Tim Wren

Personal information
- Full name: Timothy Neil Wren
- Born: 26 March 1970 (age 56) Folkestone, Kent
- Batting: Right-handed
- Bowling: Left-arm medium
- Role: Bowler

Domestic team information
- 1989–1997: Kent
- LA debut: 27 August 1989 Kent v Leicestershire
- Last LA: 25 May 1997 Kent v Sussex
- FC debut: 28 July 1989 Kent v Worcestershire
- Last FC: 28 June 1997 Kent v Cambridge University

Career statistics
| Competition | First-class | List A |
| Matches | 30 | 45 |
| Runs scored | 141 | 46 |
| Batting average | 6.71 | 7.66 |
| 100s/50s | 0/0 | 0/0 |
| Top score | 23 | 7* |
| Balls bowled | 4,024 | 1,773 |
| Wickets | 66 | 36 |
| Bowling average | 36.60 | 39.66 |
| 5 wickets in innings | 3 | 1 |
| 10 wickets in match | 0 | 0 |
| Best bowling | 6/48 | 6/41 |
| Catches/stumpings | 12/– | 8/– |
- Source: CricInfo, 5 April 2014

= Tim Wren =

English cricketer

Timothy Neil Wren (born 26 March 1970) is an English former professional cricketer who played for Kent County Cricket Club during the 1990s.

==Early life==
Wren was born at Folkestone in 1970, and attended Harvey Grammar School in the town. He made his debut for Kent's Second XI in 1987 and played under-25 cricket for the county the following year before making his First XI debut in 1989, opening the bowling and taking one wicket in a List A fixture against Leicestershire at Cheriton Road in Folkestone.

==Cricket career==
A left-arm medium pace bowler, Wren made his first-class cricket debut the following season, playing in five of Kent's County Championship matches during 1990, although he took only six wickets. He played club cricket for Ashford Cricket Club during the early 1990s, where he was mentored by Peter Moralee, a Kent development coach working at Ashford Prep School, but Wren played only a handful of matches for the county side between 1991 and 1994, unable to break into the team on a regular basis.

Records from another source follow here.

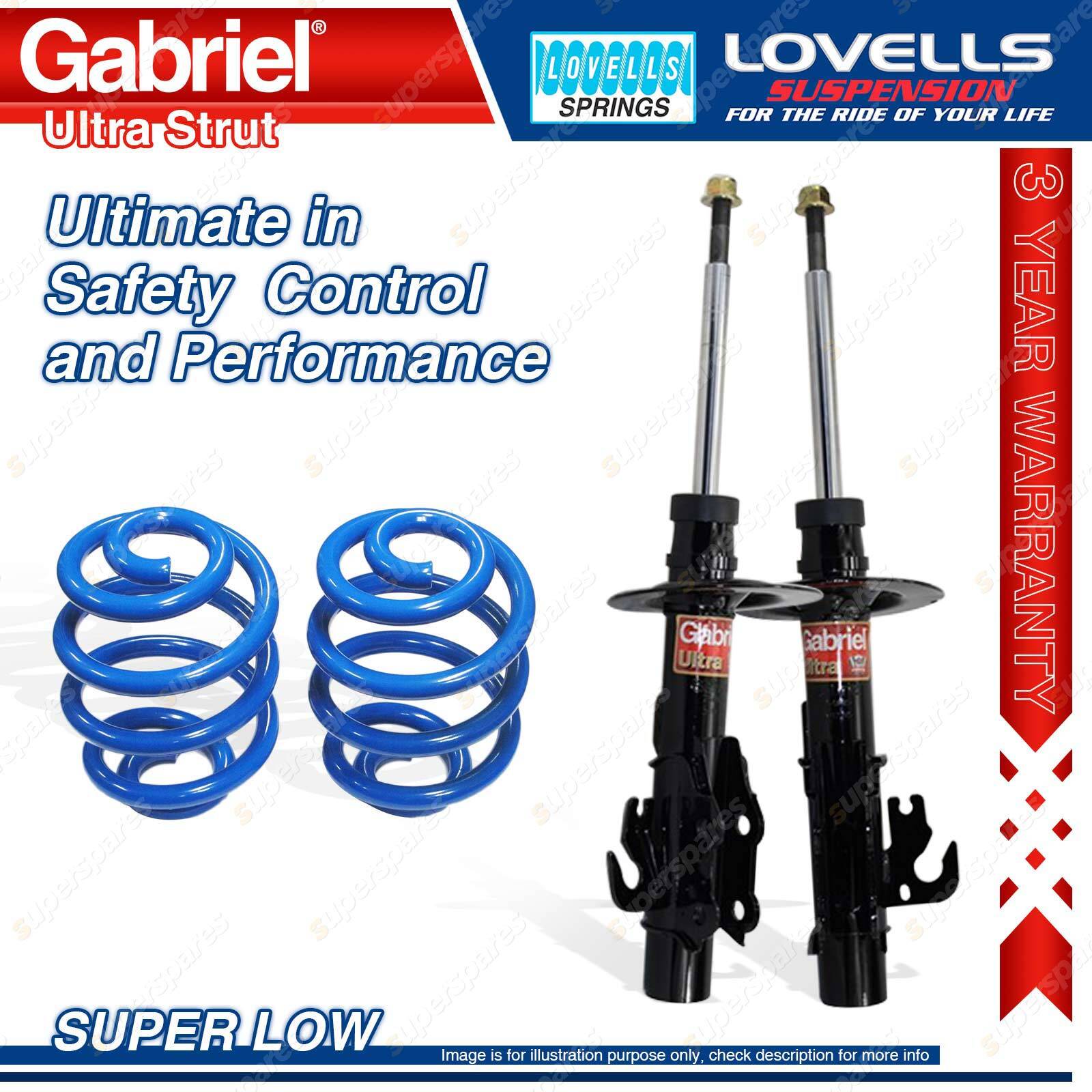 Contents: 2 x Front Gabriel Ultra Strut Shock Absorbers - Gas 2 x Front Super Low Lovells Coil Springs Suit: Holden(Gmh) Commodore Sedan Incl. Calais VF excl. FE2, FE3 lowered susp. 5/13-10/17 Holden(Gmh) Commodore Ute VF excl. FE2, FE3, OE lowered susp. 5/13-10/17 Holden(Gmh) Commodore Wagon Incl. Calais VF excl. FE2, FE3, OE lowered susp. 5/13-10/17 |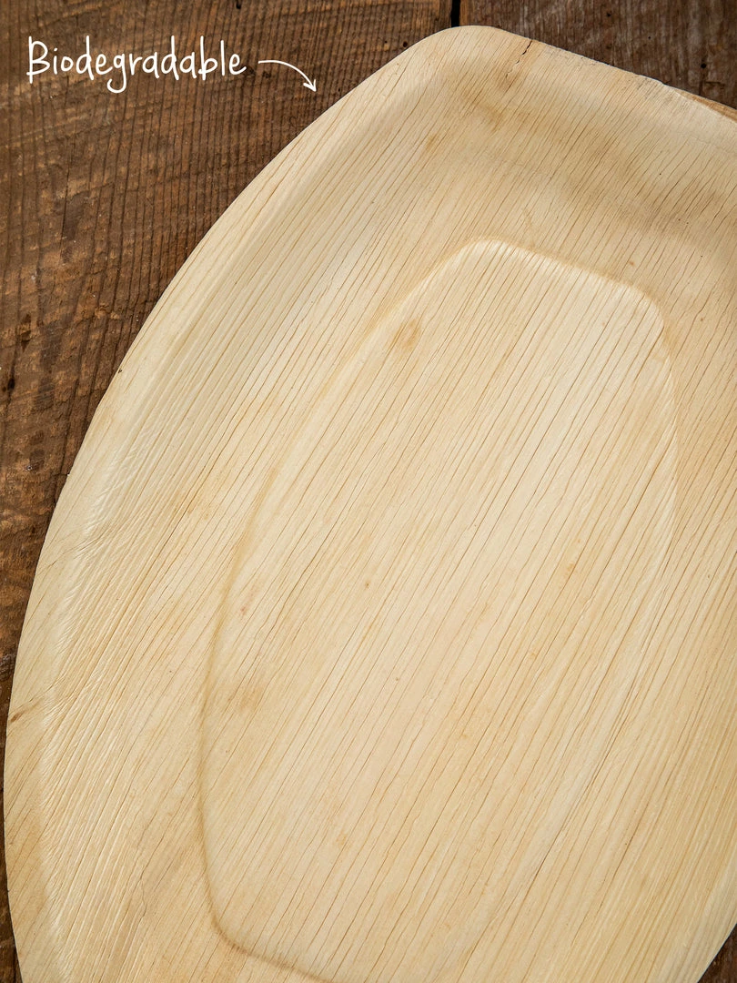 This set of 12 Palm Leaf Plates are such an awesome replacement for paper or plastic plates! They’re made from naturally shed Areca palm leaves and feature a beautiful wood like feel. We love using ours for family dinners or parties and they make great hostess gifts! The dimension of each piece may vary slightly since the product is completely natural. Plus, they’re biodegradable!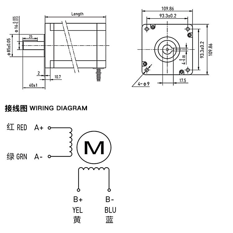 兩相1.8°混合式步進(jìn)電機(jī)110系列步進(jìn)電機(jī)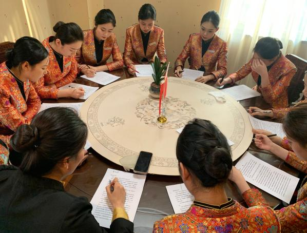 航空服务艺术与管理专业历经五年建设和发展,具有完备的课程体系,且配备了一支教学能力强、学科门类齐全的师资队伍。担任此专业教学任务的教师中,拥有航空服务艺术与管理相关专业背景的教师46名,其中双师型教师30人、双师型教师占比62.5%,师资队伍年龄和学缘结构合理,在航空服务艺术与管理专业的理论与实践教学中发挥着重要作用。特别是思想政治教育、旅游管理、艺术学、美术学等专业课程的多名教师,潜心钻研与航空服务艺术与管理课程的融合,丰富完善了原有的课程内容,拓宽了知识结构,并积极将教学内容、科研成果编入教材,为办好航空服务艺术与管理专业提供了有力的师资支撑。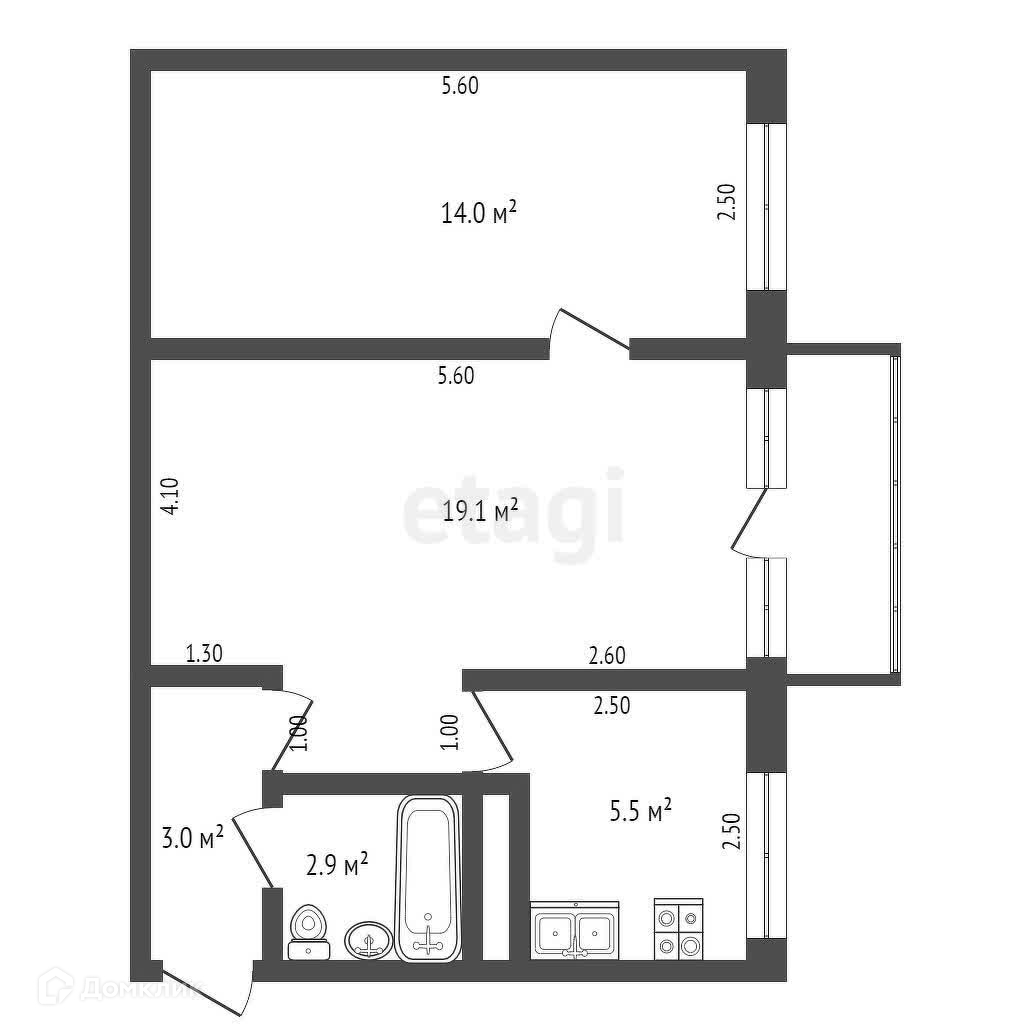Балкон, лоджия 1 балкон

Wren played most of his First XI cricket between 1994 and 1996, making seven first-class appearances in each of the three seasons and playing a significant role in Kent's one-day side during the period. He took 17 first-class and 8 List A wickets during 1994, and the following season took 23 first-class wickets, the most of his career. He also took 16 List A wickets as Kent won the Sunday league competition. After taking nine first-class and seven List A wickets in 1996 he played just five matches in 1997, taking only one wicket, and was released by the club at the end of the season.

==Post-retirement==
After retiring from top-level cricket, Wren played in the Kent Cricket League for Sibton Park and Canterbury Cricket Clubs. His family owns a plumbing and heating engineering business in Folkestone and Wren worked in the company as an engineer during the off-season when he was playing professionally. He has since become a partner in the family business.